Each set of tests uses the same cutting parameters until the maximum flank wear of the cutting tool reaches 0.4 mm. Face milling cutters have six inserts. At the end of each set of milling tests, wear images of six inserts are acquired, and six sets of complete tool wear life cycle data are obtained. Both coated tools are used in this way. Experimental environment for milling and tool wear detection is shown in
Figure 1. In the process of collecting the tool wear images, the trigger mode is a soft trigger, the exposure time is 10 ms, and the exposure mode is timed. If the spindle speed is 2 r/min, the time interval for saving the pictures is 250 ms, and the number of saved pictures is 120; if the spindle speed is 4 r/min, the time interval for saving the pictures is 150 ms, the number of saved pictures is 100, which guarantees a complete acquisition of the wear image of each cutting edge. The process of matching the camera frame rate with the machine spindle speed is shown in
Figure 2. The matching between the rotational speed and the acquisition frame rate is studied, and the maximum speed of 4 r/min is obtained according to 30 fps of the industrial camera. If the spindle speed is increased, the acquired tool wear image will have different degrees of distortion. Improving the frame rate of the camera can increase the spindle speed to improve detection efficiency.
5. Conclusions
In this paper, an automatic recognition model of tool wear types based on CNN is proposed by using Caffe deep learning framework. The model considers the characteristics of the actual processing environment and tool wear images in milling of superalloy. The tool wear images obtained through the milling experiments of Nickel-based superalloy Inconel 718 are used as the datasets to train and test the ToolWearnet network model. The results show that the model has a robust feature extraction ability. The recognition precision rate of different wear types of high-temperature alloy tools is in the range of 95.41~97.27%, and the average recognition precision rate is 96.20%. It has the advantages of high recognition precision rate and robustness.
Furthermore, an ATWVD method is improved based on ToolWearnet network model, the value of tool wear obtained by this method is compared with the wear value detected by a high precision digital optical microscope.
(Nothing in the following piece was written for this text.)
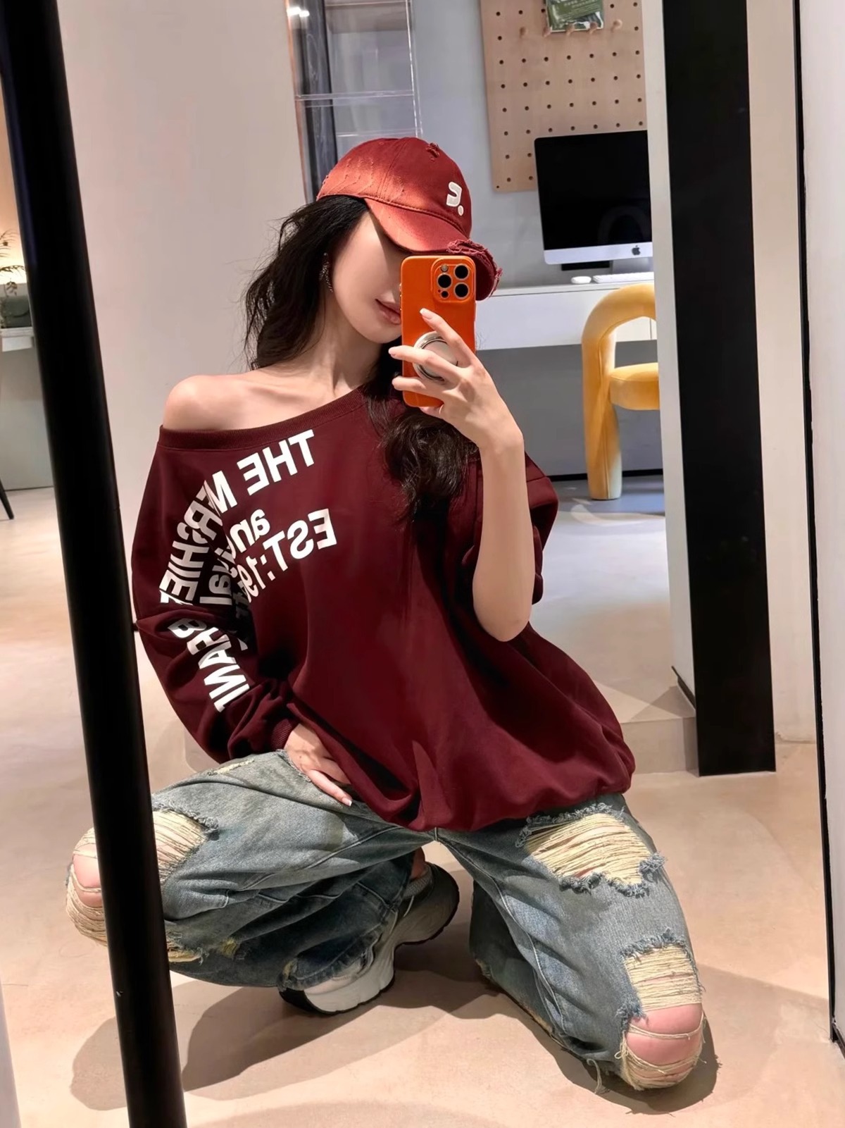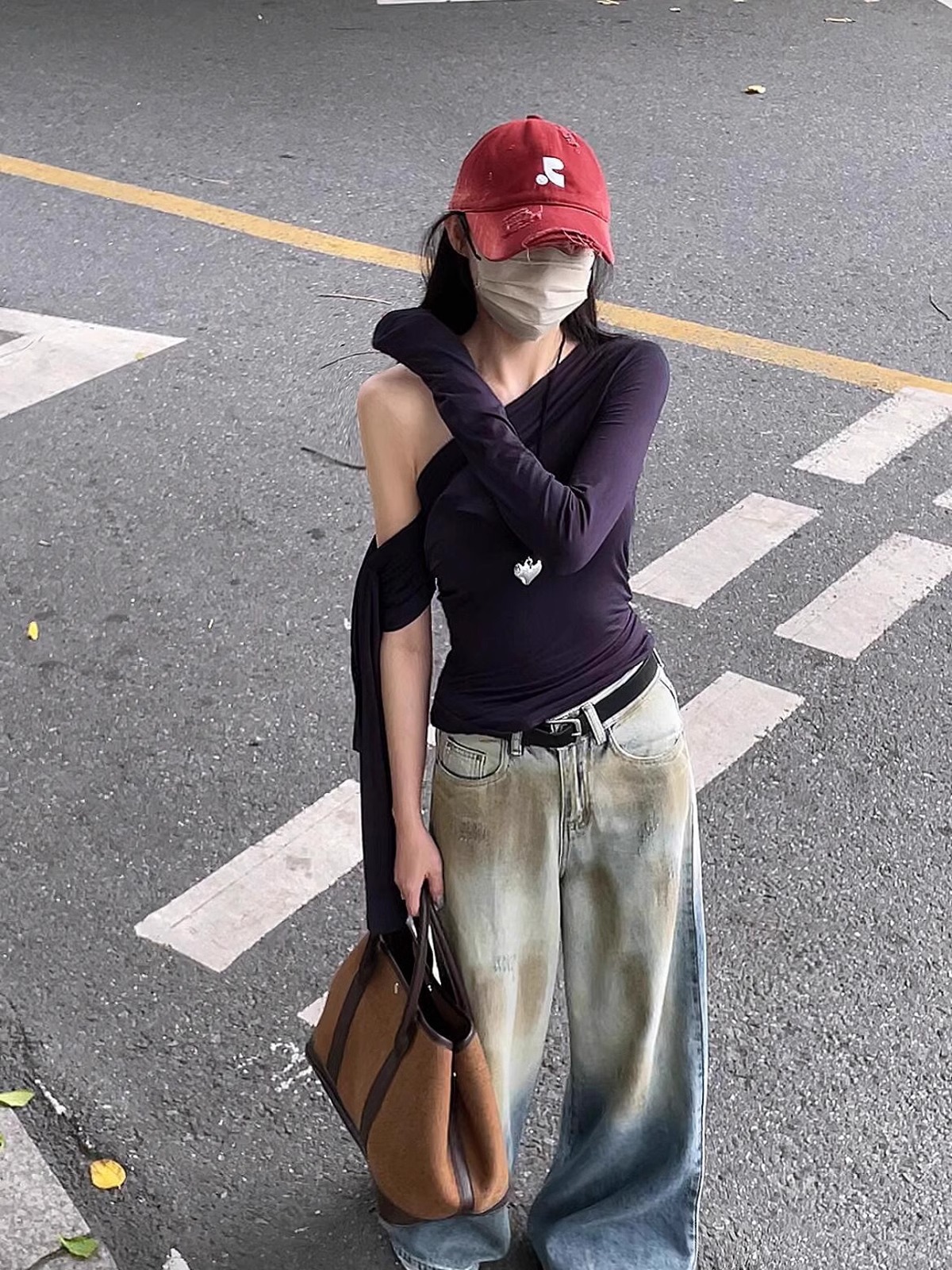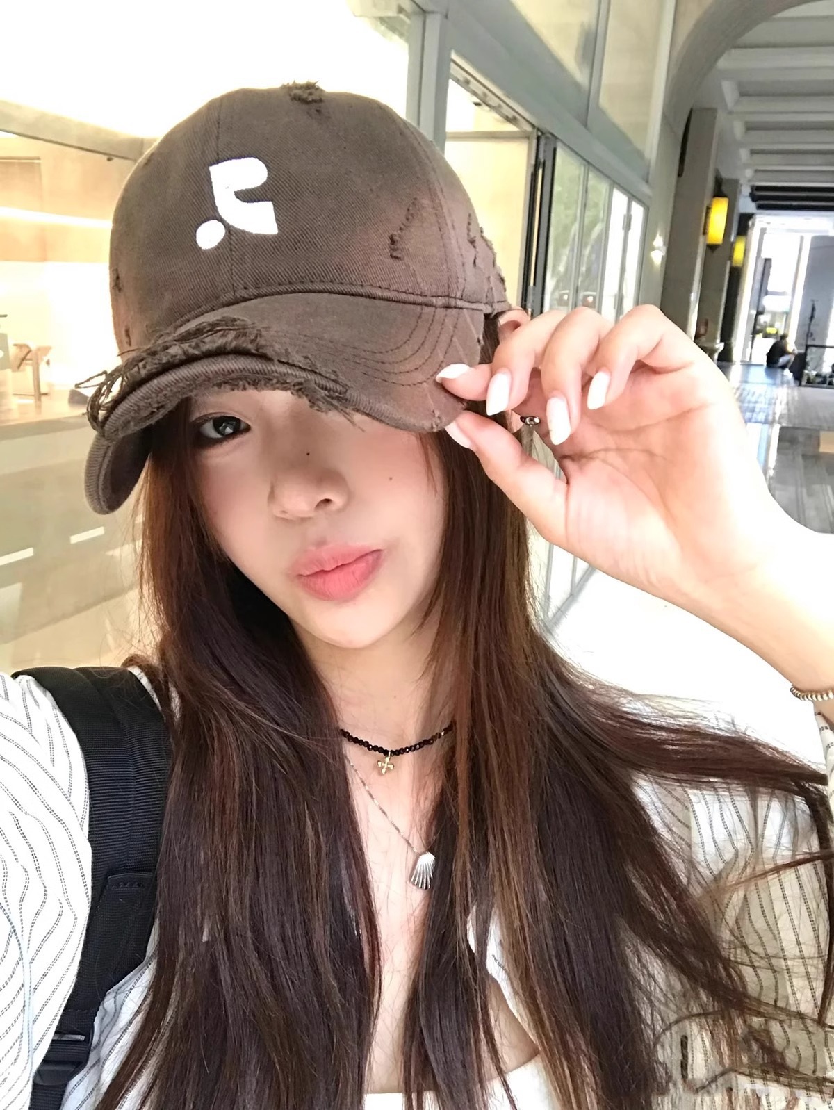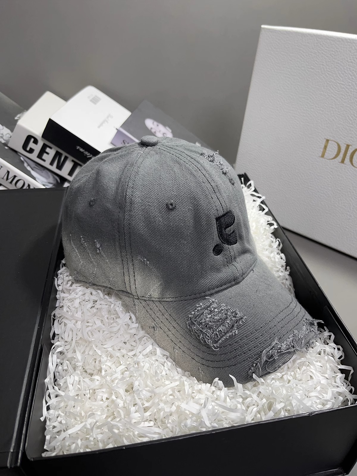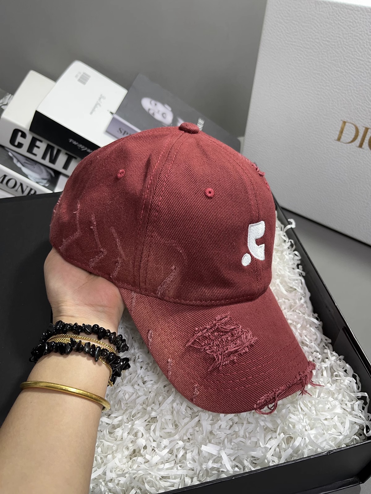 레바와 같은 스타일의 미국식 챙넓은 야구모자 여성용 여름용 데미지 레터링 자수 큰 머리용 얼굴 작아보이는 데일리 캡스토어 가기

The error rate of this method is in the range of 1.48~7.39%, and the mean absolute percentage error is 4.76%, which proves the reliability of the method. Although the recognition precision rate of the network model is slightly lower than that of the VGGNet-16 network model, the training time and recognition time are shorter, and the network parameters are less. It can be applied to the application scenario that identifies tool wear types accurately and slightly faster with lower hardware consumption.
Practicality, the process is suitable for intermittent detection of the tool, such as collecting tool information while the tool is in the tool magazine or the tool change gap. It can automatically and effectively obtain the tool wear types and wear value, which can be used to provide data for the future tool life prediction, tool selection, and tool design. The proposed tool wear identification method can also be extended to other machining processes, such as drilling and turning. Meanwhile, future work will consider more extensive experimental data with different cutting tools, as well as extend the applications to predict tool life, optimizing the machining parameters with the method.